Dans ce chapitre, nous allons nous intéresser à la multiplicité des aspects de l‟intersubjectivité. Pourquoi débuter par l‟intersubjectif? Parce que, comme nous le précise Duranti (2010), il est une dimension fondamentale de l‟expérience humaine. Le religieux étant, dans notre mémoire, compris comme une « forme possible d‟interactions sociales » (Willaime, 2012 : 26), il nous faut mettre en lumière tous les aspects intersubjectifs dans l‟expérience religieuse du monde. La multiplicité des référents qui permettent ces interactions est notre point de départ pour ce chapitre. Être Baye Fall, c‟est tout d‟abord prendre conscience des Autres. Car, la première étape de l‟intersubjectif, selon Duranti est « la prise de conscience de la présence des Autres » (ma traduction, 2010 : 17), donc, du fait que le monde est partagé. Penser le partage du monde ce n‟est pas nécessairement faire référence aux relations. Il s‟agit du premier moment de l‟intersubjectif, car avant d‟entrer en relation avec les

autres, il est nécessaire de reconnaître que les autres, dans notre monde, existent. Ce monde inclut, selon les individus Baye Fall : Dieu, les saints, les musulmans, les condisciples et tous les êtres humains.

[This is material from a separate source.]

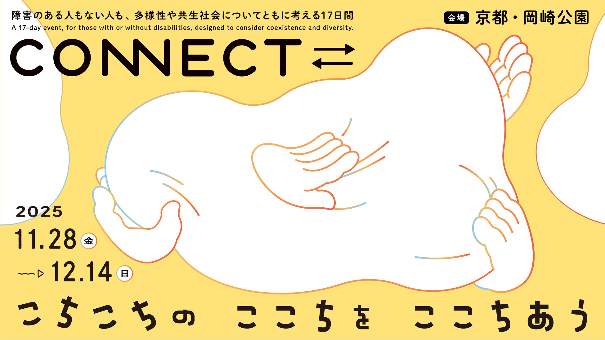 文化庁・京都新聞では、アートを通して多様性や共生社会のありかたについて、障害のある方もない方も共に考え、語り合い、実践するプロジェクト「CONNECT⇄_(コネクト)~こちこちの ここちを ここちあう~」を、2025年11月28日(金)から12月14日(日)までの期間に開催します。京都の文化ゾーンである岡崎地域の美術館、図書館、劇場、動物園、展示会場などの文化施設が連携して、障害や属性に関わらずさまざまな方が気軽に文化・芸術にアクセスできるプロジェクトを行います。

Nous allons voir comment les différentes manières d‟être Baye Fall touchent le partage du monde au quotidien. Nous regarderons comment se met en place la prise de conscience que le monde est partagé, donc que le croyant se situe avec Dieu et d‟autres individus. Ensuite, nous étudierons de quelles manières les possibilités de relations avec les autres sont mises en action. Enfin, nous analyserons comment l‟intersubjectif est une expérience temporelle qui a comme objectif de faire du Baye Fall un croyant en connexion permanente avec Dieu.